The teacher, Mr Asquew by name and nature, was in a tidy sweat, since he had just needed to rummage behind the blackboard for a box of rubbers, which were about to be handed round the staring pupils, in a mistaken attempt to prevent errors rather than cure them. All different pastel shades the rubbers were, and he knew that the kids, if left to their own devices, would fight over having the pinkish ones - in the same manner as they did over blackcurrant flavours in a tube of Spangles.

Tales about Mount Catanak did abound in Mr Asquew's schoolroom, tales which really should have been part of the history lesson but had, over countless years, evolved into Religious Education. In the front double desk - and they were there because they were within smacking distance - sat two nose-crudded boys by the names of Murky and Thomas. Both lived in the outskirts of the township nearest to that part of the plateau where timber trees marched along the banks of the Mercy ... towards a thicker forestation that concealed the river's further whereabouts. They were first cousins but none the friendlier for that.

"You may remove your fingers, children, but fold your arms upon your desks ... neatly now."

Sloping Mr Asquew had often considered doing something about the desk-slopes themselves, for they were scored with ink runnels, curlicue engravings, tags and pieces, depicting the childhood dreams from centuries ago. He'd see to them before Christmas, he vowed. He'd require some pretty stiff scrubbing brushes, plenty of toxic bleach, a carpenter's plane, rutted files of various torques and mounds of heavy-duty sandpaper.

For a moment, Mr Asquew's mind returned to the class and he wondered why that kid Edalpo in a double-desk on his own seemed to be shadow-boxing. The scallywag had been removed to the back of the classroom by the window, since rapping Edalpo's knuckles with the yardstick was like beating steak to tenderise it. No response.
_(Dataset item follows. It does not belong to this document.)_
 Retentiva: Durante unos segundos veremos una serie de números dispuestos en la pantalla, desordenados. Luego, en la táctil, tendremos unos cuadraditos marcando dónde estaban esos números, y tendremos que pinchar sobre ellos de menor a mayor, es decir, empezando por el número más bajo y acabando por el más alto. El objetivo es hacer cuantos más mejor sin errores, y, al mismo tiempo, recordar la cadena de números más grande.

But today's today, no time for slipshod thoughts. The hand-bell would soon be shaken by the Headmistress in the corridor to mark the end of the current period. Mr Asquew had a soft spot for her, but he could not endure her in the role of schoolmarm. She pretended not to acknowledge Asquew as the man who attended to her on some evenings after the kids had gone home. Daytime saw her storming through the school building, with wide unpleated skirts, twill twin-sets and booming voice.
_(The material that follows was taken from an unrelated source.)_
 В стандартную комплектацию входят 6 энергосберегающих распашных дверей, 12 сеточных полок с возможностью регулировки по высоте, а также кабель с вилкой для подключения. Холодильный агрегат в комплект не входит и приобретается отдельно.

Mr Asquew allowed his desultory gaze to wander out the window, where Mr Brown was now looking up into the sky, scratching his head as if expecting rain. Mr Brown hated sunshine. It played havoc with his met-tab-bol-ism, Brown claimed to Asquew when they met in the playground. But surely there'd be no rain on a glorious summer's day like this. Ah, well, the end of the lesson - enormous clattering like dumb-bells being rattled in an oil-drum. The kids (Murky and Thomas included) immediately collapsed into a body profile more comfortable to their in-built stoops. Their many bones clicked upon release from the strict, hour-long régime imposed by Mr Asquew. They lifted their desk-lids, placed their heads within the dark horizontal cupboard spaces to seek out their lunch-boxes and, on flat feet and with wild chatter, filed out unrulily from the formroom.
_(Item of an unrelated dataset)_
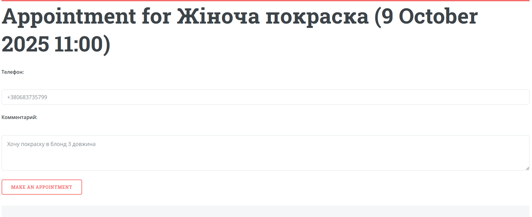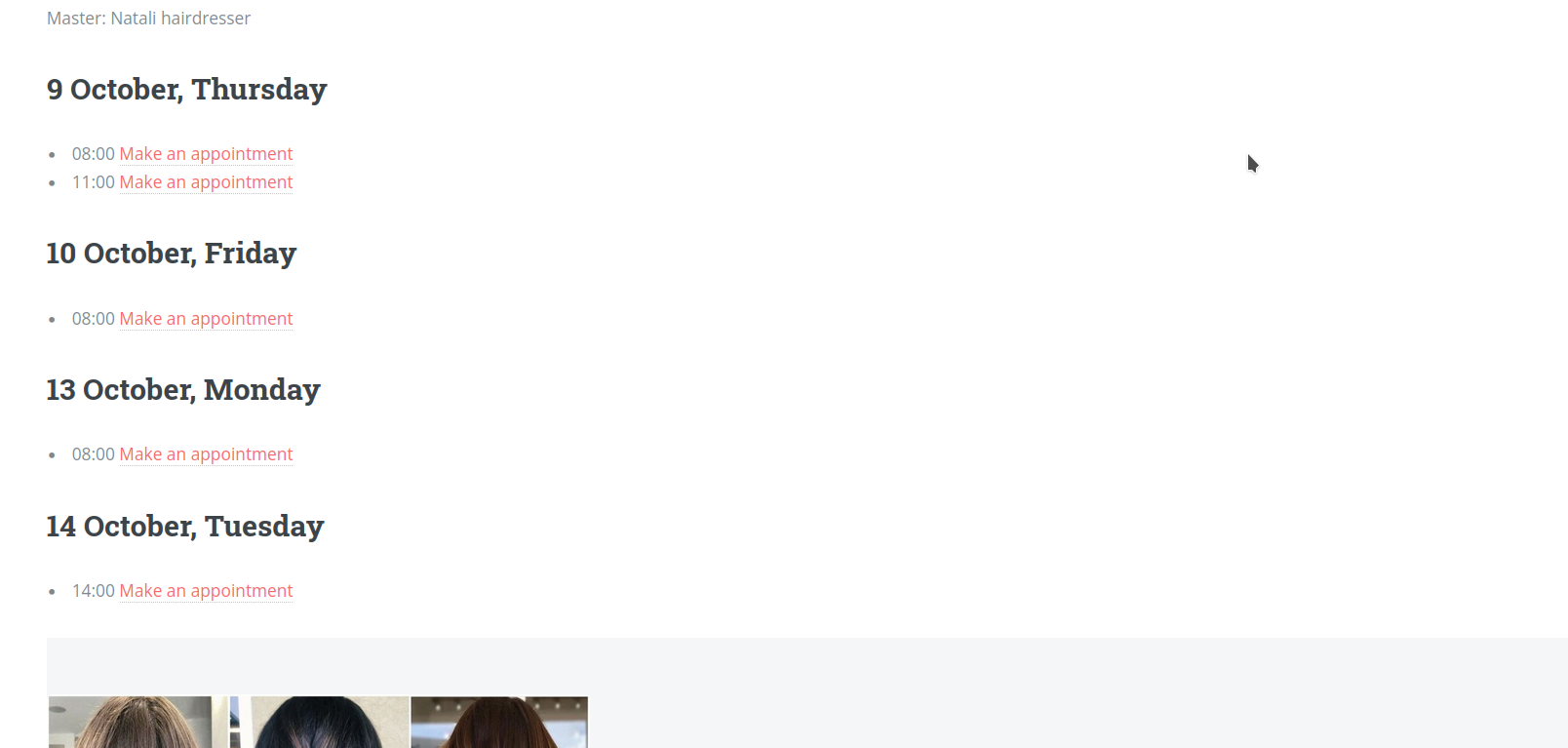 Clients can choose a service, time, and master in just a few clicks. All bookings will automatically appear in your calendar.

Lunch was indeed more than a ritual. They dragged out the thick bristly exercise mats from the bicycle-sheds, rashered them out haphazardly over the playground and forthwith prepared to picnic in the hot summer air. But the real ritual was in the eating. The Headmistress clumped a large soup-ladle along the school railings to permit the lifting of lunch-box lids and the gentle ensuing of the nibbles. The mats chafed the kids' flesh, since the girls' gym-slips and the boys' flannel shorts did nothing to protect their knees, calves - nor, even, thighs. The food, packed that very morning by their loving parents, were fillingless sandwiches rounded off by a single crab-apple.

The munchers simply took on a melted mutter of fitful undertones, which assumed second place to the chomping teeth. But, today, one little bright spark scared the girls silly by hinting that in the desk ink-wells lurked creepy-crawly-coily things, each with a single eye only for the fair sex.

Eventually, renewed clattering along the railings announced Grace, which the Headmistress proudly intoned:- "It’d’been for what we have moved our teeth through may the One True God find us genuinely thankful for His small mercies." The kids' response, in practised unison, was: "It’d’been for our bellies to stay full till they are ready to empty in His good time." Then, with a sharp blast on a hard-pea whistle, the kids rose from their mats which they packed away and, in twos and surreptitious threes, crocodiled back into the school buildings. Mr Brown watched them go. He was now up on the roof oiling the weathervane. He scratched his head and dug a fingernail into his protrusion of teeth to reclaim some red gristle from his erstwhile breakfast. The day being so calm, he caught the under-hum of the honey-bees in his flower-beds. Folk of his ilk had sensitive hearing.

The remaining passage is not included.